Dreamnight and some Egg-tastic News!
June 9, 2010 § Leave a comment
A Zoo Dream Come True!
This has been a busy week at the zoo but the highlight was definitely Friday 4th June when Edinburgh Zoo opened its doors to over 1500 bereaved, long-term, terminally ill and special needs children and their carers to give them VIP access to the zoo! The evening is called Dreamnight, a free event that takes place on the first Friday of June in over 500 zoos all over the world. The idea originated in Holland in 1996 starting with just one zoo opening its doors to seriously ill children from a local hospital, from then on the night grew and grew with over 500 zoos worldwide now taking part.
Staff and volunteers at the zoo work the evening on a purely voluntary basis and put on lots of extra activities for the children to get involved in. There were animal encounters, talks, opportunities to see the animals being fed, experts on hand to answer any questions, a bouncy castle, face-painting, even an evening penguin parade as well as many other activities put on especially to give the children a unique VIP zoo experience.
Darren McGarry, Animal Collections Manager at Edinburgh Zoo, said,
“This was a very special night for all those involved.

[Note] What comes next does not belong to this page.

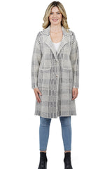 Cooler months call for an even cooler jacket. This coat is a soft knit, extra-long, cozy jacket that?s perfect for throwing on on the Fall days. Notched lapel collar. Button front enclosures. Material: 34% Polyamide / 23% Viscose / 23% Nylon / 20% Polyester

What we try to do is to create a night to remember so that the children can forget their problems and just be kids for the night. For staff it is a chance to give their time to help these kids in a small way and for most, the highlight of the night is seeing so many smiling faces. A big thank you goes to everyone, including our many suppliers and supporters, for helping us to make this a night to remember.”
King Penguins have some Egg-citing News!
We may have been hearing plenty about the gentoo penguins and their chicks lately but there is also news on the King penguin front! After recently finishing their molt ready for the breeding season the first King penguin egg has now been laid!
King penguins do not have a nest on which to incubate their egg, instead they balance the egg on top of their feet and under their belly. King penguin parents take it in turns to incubate the egg, meaning that they have to pass the egg between themselves by rolling it on to the other penguin’s feet.
This most recent egg has been laid to the green-banded female and blue-banded male (males are banded on the right flipper and females on the left). Of course there is no guarantee that this egg will hatch out, the parents not only have to keep the egg from other jealous penguins who may try to steal it, resulting in the egg getting damaged but also negotiate passing the egg between themselves without damaging it which is not an easy task! Hopefully though this pair will have learnt from the breeding success of last year when our red-banded female and yellow-banded male proved to be fantastic parents and managed to successfully incubate their egg for the full 56 days and then care for the chick (Maclean as he is now known). Maclean was the first King penguin chick to be born at the zoo in 5 years as due to the difficulties in looking after their eggs king penguins can be notoriously difficult to breed!